Der Stand bestimmt die Schlaglänge: Je offener der Stand (Fuss- und Hüftlinie), desto mehr schneidet der Schlägerkopf von aussen in den Sand. Der Ball wird dadurch entsprechend weniger vorwärts beschleunigt. Die Ziellinie, nach der der Schlägerkopf und die Schultern ausgerichtet sind, bleibt immer identisch.
Das Rezept für ein gutes Bunkerspiel mutet relativ einfach an, doch – die Tourspieler haben es dem Beobachter in Crans-Montana wieder aufs Neue bewiesen – ohne einige Übung bleibt die Theorie ein Papiertiger. Und bis man bei einem Schlag in den Bunker ohne aus Angst aufzustöhnen locker feststellen kann: «Besser aus dem Sand als aus dem Rough», muss man schon einige Trainingssessionen im Bunker verbracht haben.
Bunkerschlag in der Aufwärtsneigung (Uplie): Der Körper ist gerade über dem Ball, der Schlag entspricht dem, wie er im Flachen ausgeführt wird (Bild links).

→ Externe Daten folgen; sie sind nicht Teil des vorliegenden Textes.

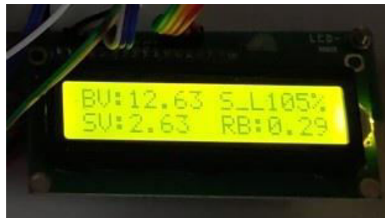
Fig 2 Image view of Experimental Output

Das Körpergewicht muss unbedingt links bleiben, denn in dieser Lage ist die Versuchung, den Ball «löffeln» zu wollen, besonders gross (rechts).
Bunkerschlag in der Abwärtsneigung (Downlie): Der Körper ist parallel zur Neigung ausgerichtet. Der Schlag muss in dieser Lage steiler erfolgen, das Körpergewicht sollte hier unbedingt links bleiben, denn der Schläger würde sonst beim Schwung in der aufsteigenden Schräge anstossen (Bild links). Ohne Anpassung an die Neigung des Bunkers lässt sich kaum ein korrekter Schwung ausführen, ein Fehlschlag wird die Folge sein (rechts).